Last time we offered some suggestions on making fall colors pop. But how do you make your photos stand out from the thousands of other fall photos and avoid the old worn out cliches?

A good photo still needs a point of interest that draws the viewer into the photo. Find a point of interest to create a stronger image. Look for a lone tree in a field, some wildlife, a winding path or a fence. Don’t forget to find leading lines that bring a viewer’s eye where you want it.

Try different perspectives. Find an overlook above all that autumn color. An overlook is an ideal opportunity to create a panorama.

If getting above the action isn’t possible, try shooting low for a new perspective. Those trees will look bigger and taller if shot from below.


Take advantage of the fog or morning mist. Fall colors will be muted, but it will add an interesting moody atmosphere to your photo. Put a bright tree in the foreground while the background is veiled in a mist, softening the contrasts and adding depth of field which will separate your subject from the background.

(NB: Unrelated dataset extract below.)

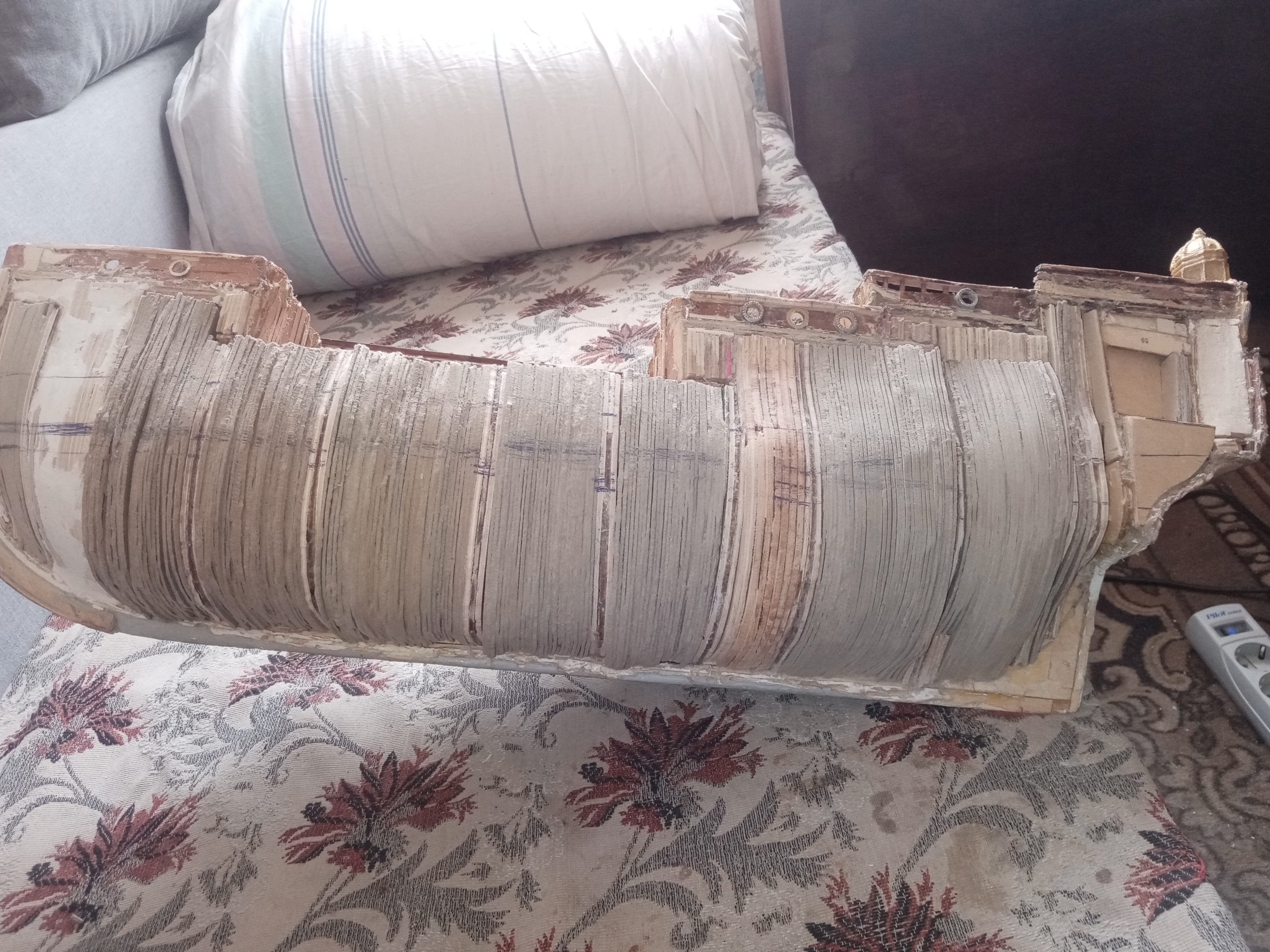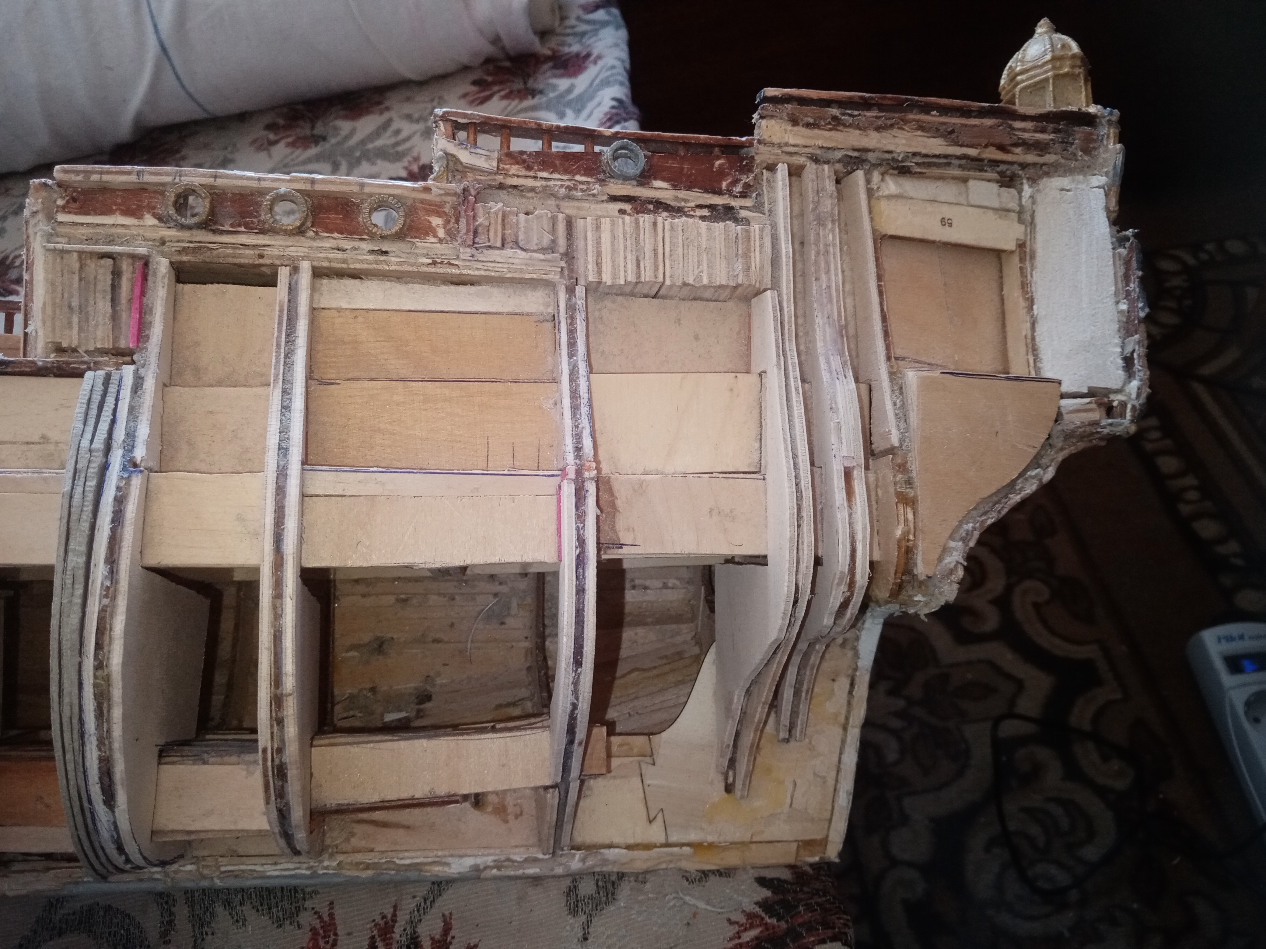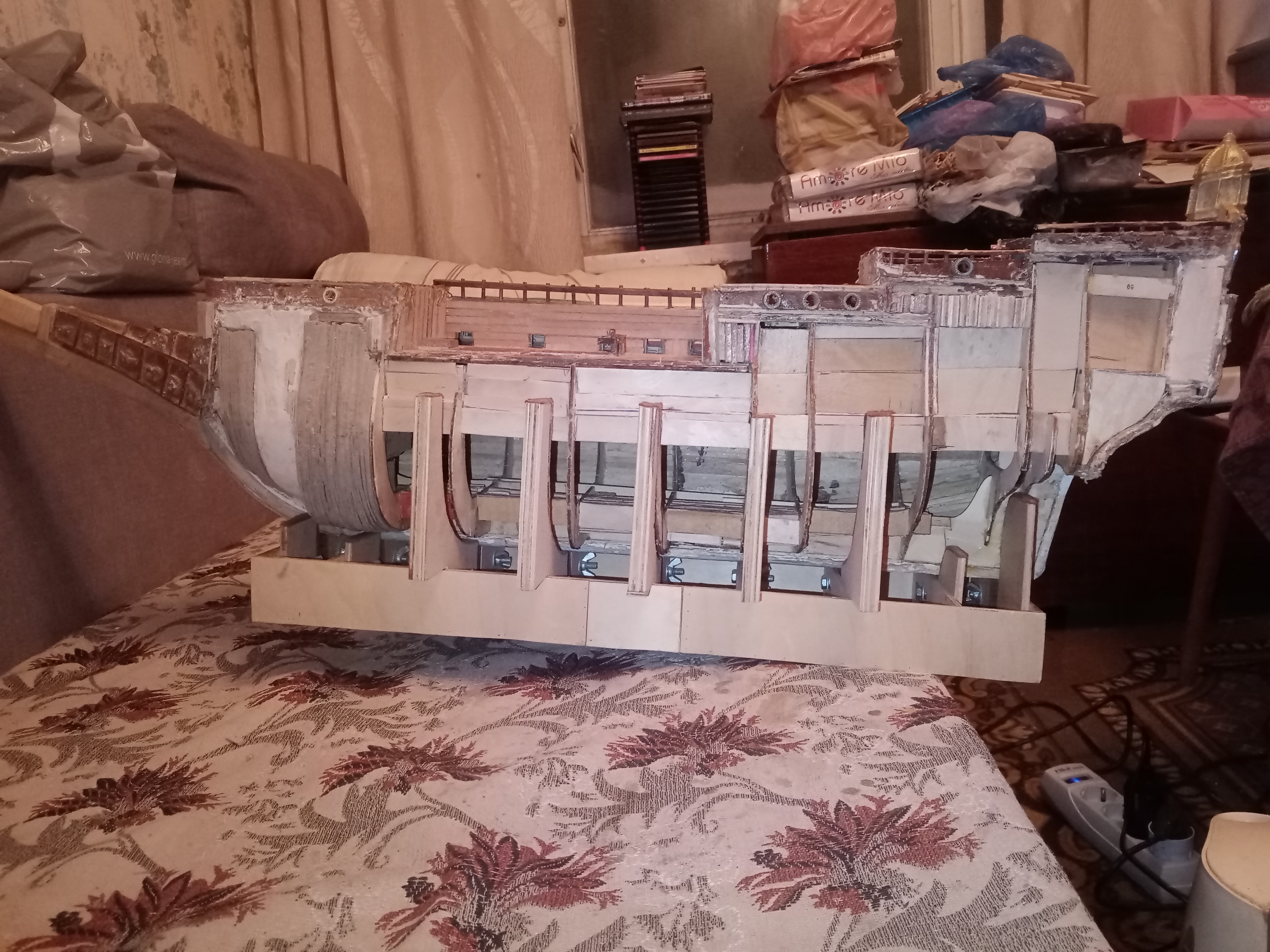 Ваши работы по перестройке корабля впечатляют, но я должен предостеречь вас, о том что вы слишком , по моему мнению увлеклись по заполнению шпаций ( расстояний пустот между шпангоутами в корпусе модели) листами картона и МДФ.Да , я не сомневаюсь в результате чего у вас получится очень крепкий и монолитный корпус модели. Но мне кажется вы упускаете из вида, что выше ватерлинии у корпуса модели должны быть расположены порты артиллерии вашего 100 пушечного корабля! В вашем монолитном корпусе в будущем будет очень сложно выдалбливать эти порты... Как я понимаю, вы решили вести постройку корпуса модели по моему варианту. Но я заполнял древесиной шпации от киля и ТОЛЬКО до ватерлинии! Вернее до гон-дека моего корабля! За тем в оставшиеся пустоты гонд-дека я вставлял будущие арт.порты моего линейного корабля...

The golden hour-- the hour following sunrise or preceding sunset -- will help avoid harsh shadows and create warm colors. A cloudy day makes colors look richer. Remember to increase your ISO to maintain a nice depth of field on these days.


This is also a perfect time of year to take advantage of reflections. Lakes, ponds, rivers, even puddles, can capture colorful reflections and add even more pop to your photo. Long exposures that blur waterfalls or fast moving water can be exceptionally striking against the fall foliage.

Focus on the details. Photograph a single leaf, an acorn, bursting milkweed pods or mushrooms growing on the side of a tree. Use a large aperture to blur background.

Have fun and practice some new artistic techniques such as in-camera double exposures or add camera movement to create motion. The trick here is to be sure the viewer still knows what they’re looking at.

For more inspiration, check out some of the photo sites on the internet to get some fresh ideas. Flickr, Instagram or 500px have stunning photos you can scroll through for free.

Minnesota is nearing its peak for fall colors, so I hope you all take the time and take advantage of the season.